We need to create a service account that will be injected in a namespace:

apiVersion: rbac.authorization.k8s.io/v1beta1
kind: ClusterRole
metadata:
  name: prometheus
rules:
- apiGroups: [""]
  resources:
  - nodes
  - nodes/proxy
  - services
  - endpoints
  - pods
  verbs: ["get", "list", "watch"]
- apiGroups:
  - extensions
  resources:
  - ingresses
  verbs: ["get", "list", "watch"]
- nonResourceURLs: ["/metrics"]
  verbs: ["get"]
---
apiVersion: rbac.authorization.k8s.io/v1beta1
kind: ClusterRoleBinding
metadata:
  name: prometheus
roleRef:
  apiGroup: rbac.authorization.k8s.io
  kind: ClusterRole
  name: prometheus
subjects:
- kind: ServiceAccount
  name: default
  namespace: monitoring

and we can convert that into a configMap in Kubernetes:

apiVersion: v1
kind: ConfigMap
metadata:
  name: prometheus-server-conf
  labels:
    name: prometheus-server-conf
  namespace: monitoring
data:
  prometheus.yml: |-
    global:
      scrape_interval: 5s # By default, scrape targets every 15 seconds.

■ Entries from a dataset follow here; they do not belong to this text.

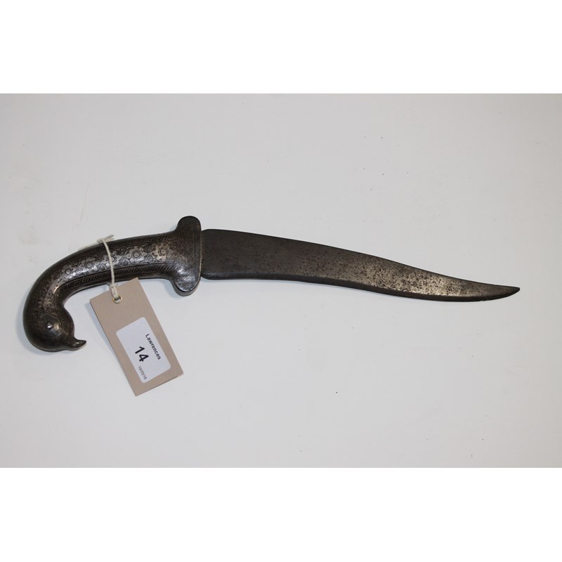 A 19thC stell hilted Khanjar dagger, with birds head pommel and foilage decoration. Yatagan shape single edged blade of 9" in length.
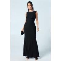 This maxi dress hugs your curves in all the right places for a flattering finish. The cowl back adds a touch of elegance, while the fishtail hemline creates a dramatic and glamorous effect. Perfect for a formal event or a special occasion, this dress is sure to turn heads. Made from Karina crepe: presented in an elegant matte finish, this rich fabric drapes over the body with structural fluidity, masterfully tracing and contouring the silhouette. Level of stretch: little. This dress fastens with...
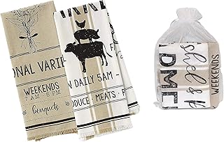 DII Design Imports ファームハウス キッチン ディッシュタオル - 2個セット ホワイト オーガンジーバッグ - 市場に行く
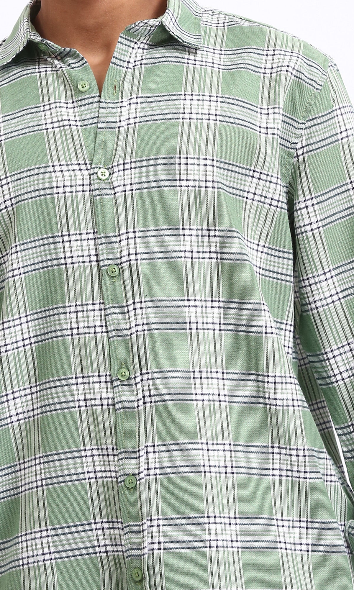R208099 - Plaids Long Sleeves Cotton Shirt - Light Green & White
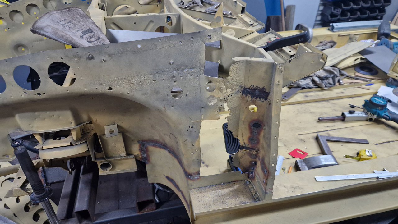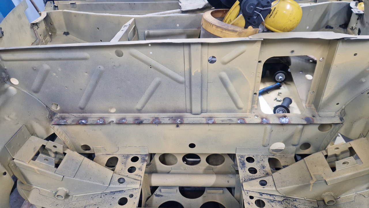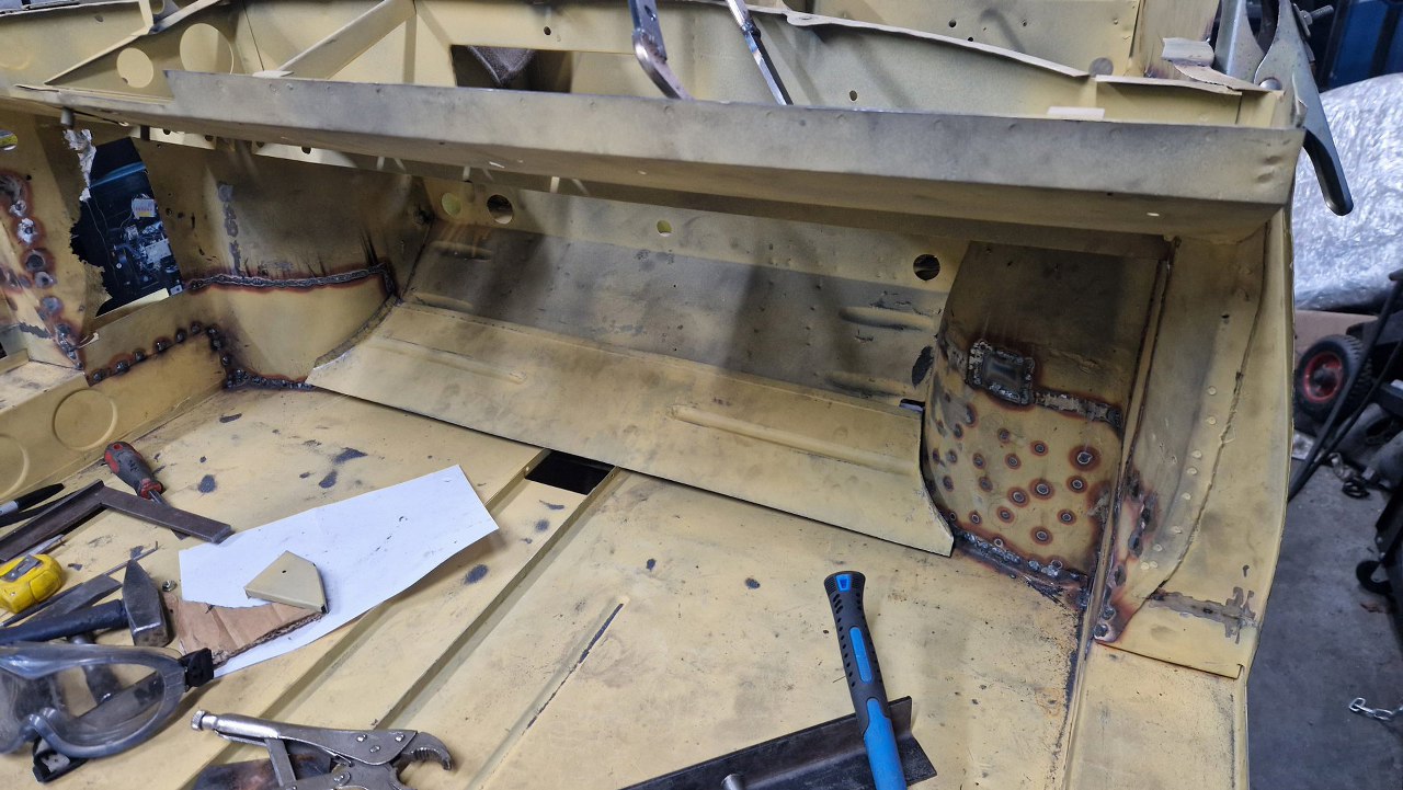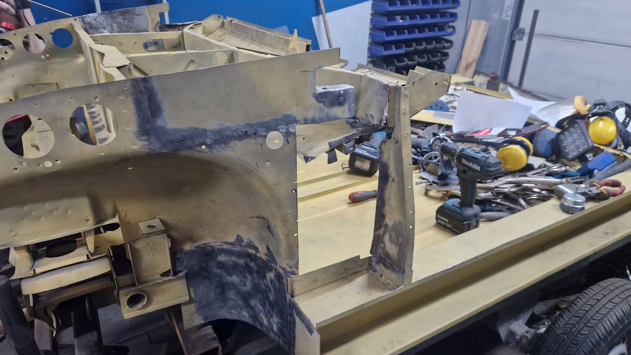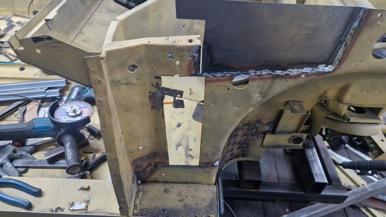 No i zamknięty cały etap, czyli powiązanie podłogi z przodem. Gotowe nadkola, słupki wewnętrzne i podłoga. W podłodze jeszcze będzie wspawana blaszka z nakrętkami mocującymi pedał gazu, ale to potem. No i oczywiście jeszcze od dołu samochodu trzeba to ogarnąć, ale to potem, jak przewrócimy go do góry nogami.
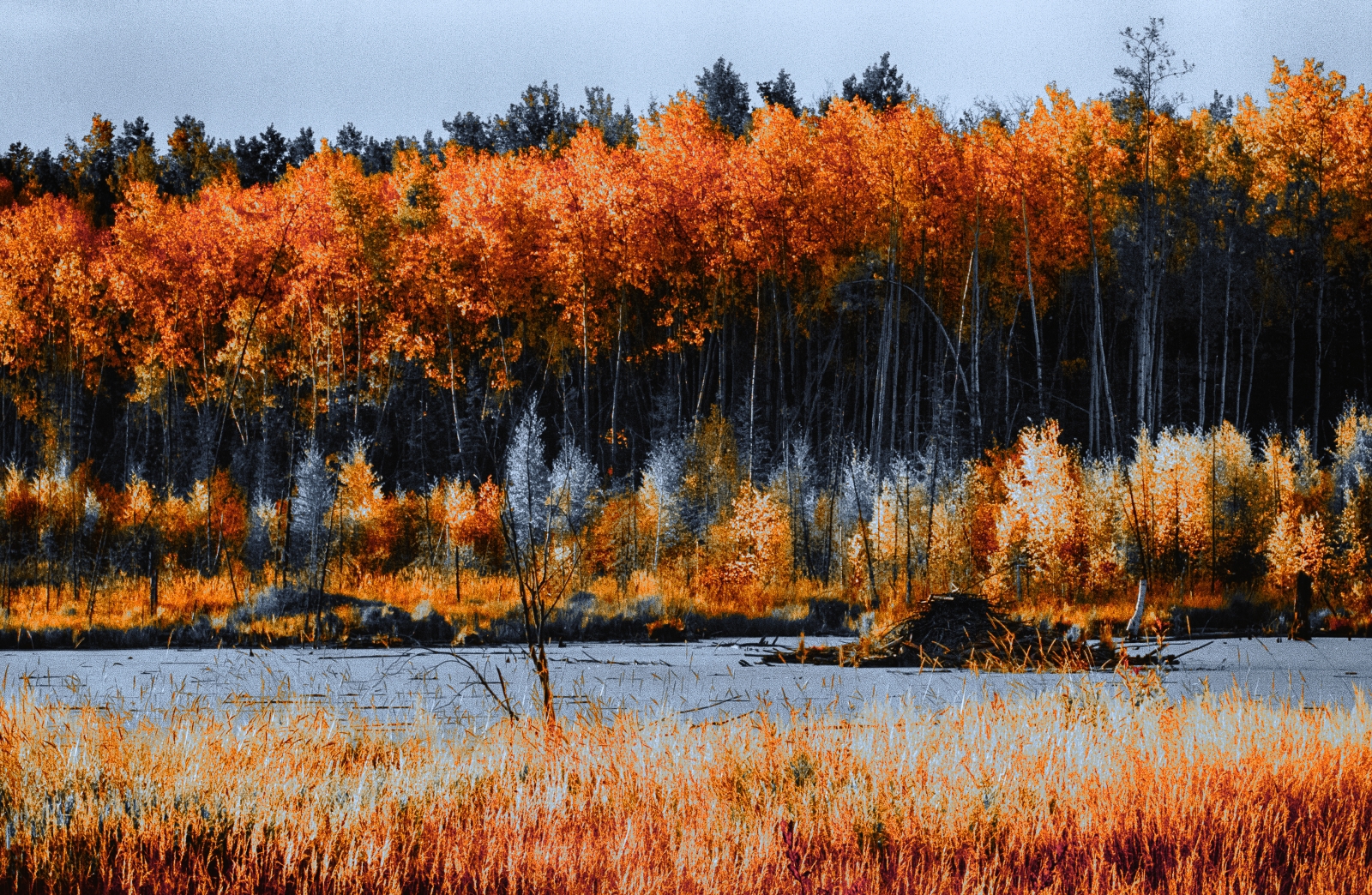 Harvest, though, caught me by surprise. Somewhere between 10:30 – 11:00 p.m. I drove past this late-night harvest scene below. The sight was extraordinary for me because the grain harvest in northern Alberta occurs from late August to mid-September. Here, it was an extraordinary sight … to see as many as five combines gathering grain from the prairie immensity. These mid-August images contain silhouettes of combines and grain haulers outlined in black against a colourful backdrop of setting sun, sky and prairie. People are at work, doing this day’s work as daylight diminishes.
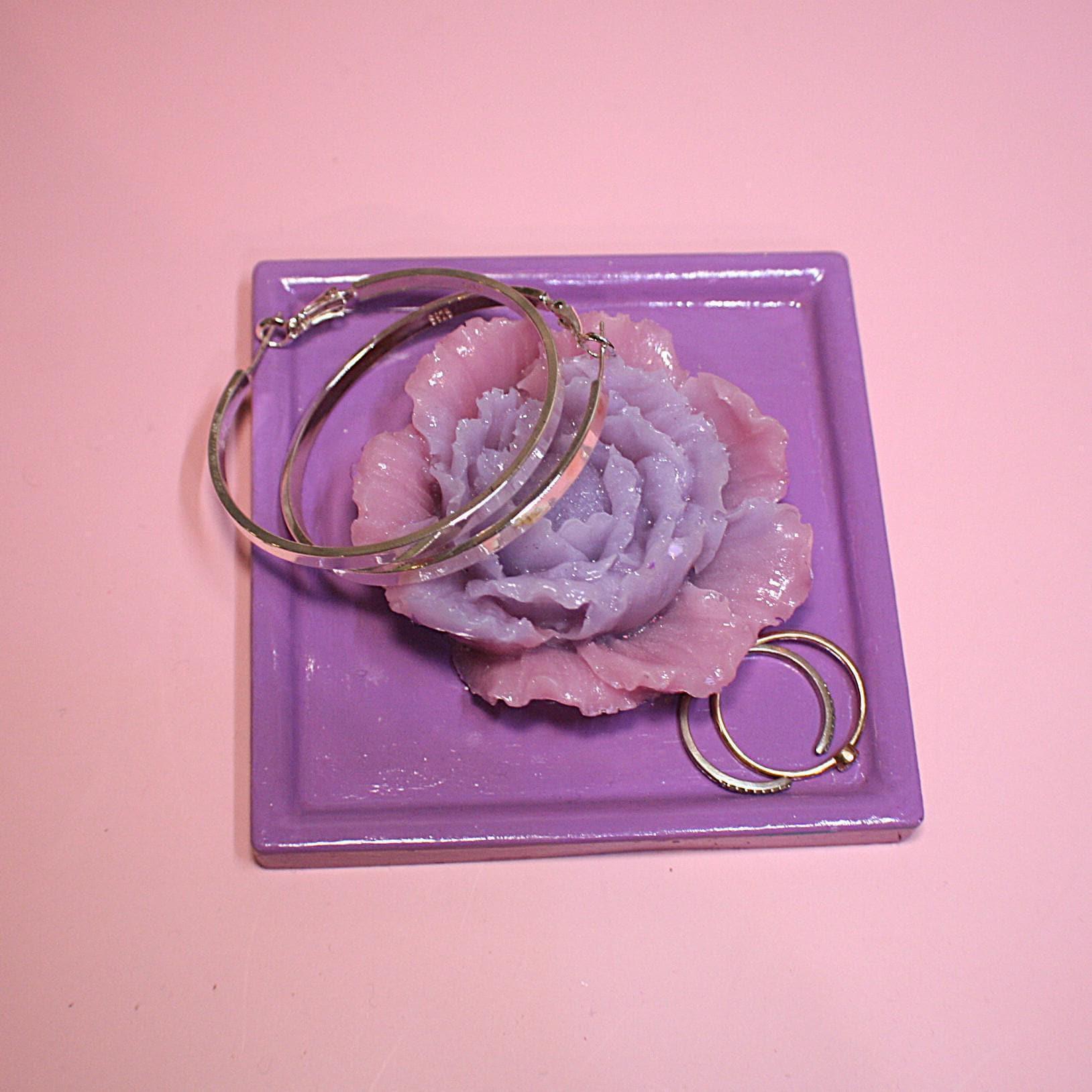 🌸 Add a touch of elegance and bold color to your space with this 100% handmade floral trinket dish, crafted from ceramic resin for a durable, high-gloss finish. Perfect as a ring dish, decorative tray, or stylish catch-all for your favorite small treasures, this dish features a large resin peony in stunning shades of lavender and deep bright rose. Whether placed on your vanity, bedside table, or bathroom counter, this jewelry dish keeps your essentials organized while doubling as eye-catching décor.

      # Attach these labels to any time series or alerts when communicating with
      # external systems (federation, remote storage, Alertmanager).
      external_labels:
        monitor: 'codelab-monitor'

    # A scrape configuration containing exactly one endpoint to scrape:
    # Here it's Prometheus itself.
    scrape_configs:
      # The job name is added as a label `job=<job_name>`
      # to any timeseries scraped from this config.
      - job_name: 'prometheus'

        # Override the global default and scrape targets
        # from this job every 5 seconds.
        scrape_interval: 5s

        static_configs:
          - targets: ['localhost:9090']
      - job_name: 'kubernetes-nodes'

        scheme: https

        tls_config:
          ca_file: /var/run/secrets/kubernetes.io/serviceaccount/ca.crt
          insecure_skip_verify: true
        bearer_token_file: /var/run/secrets/kubernetes.io/serviceaccount/token

        kubernetes_sd_configs:
        - role: node

and to deploy it we need a deployment.yaml

apiVersion: extensions/v1beta1
kind: Deployment
metadata:
  name: prometheus-deployment
  namespace: monitoring
spec:
  replicas: 1
  template:
    metadata:
      labels:
        app: prometheus-server
    spec:
      containers:
        - name: prometheus
          image: prom/prometheus:v2.4.3
          args:
            - "--config.file=/etc/prometheus/prometheus.yml"
            - "--storage.tsdb.path=/prometheus/"
          ports:
            - containerPort: 9090
          volumeMounts:
            - name: prometheus-config-volume
              mountPath: /etc/prometheus/
            - name: prometheus-storage-volume
              mountPath: /prometheus/
      volumes:
        - name: prometheus-config-volume
          configMap:
            defaultMode: 420
            name: prometheus-server-conf
        - name: prometheus-storage-volume
          emptyDir: {}

Now you can port forward to the prometheus container with and see it in the browser:

$ kubectl port-forward deploy/prometheus-deployment 9090 --namespace=monitoring

Now you can visit the prometheus site on localhost:9090 again.

Now type in:

kubelet_running_container_count

And you will get how many containers are running per node.

Congrats, you now have Prometheus running on Docker for Mac and you can now try even more!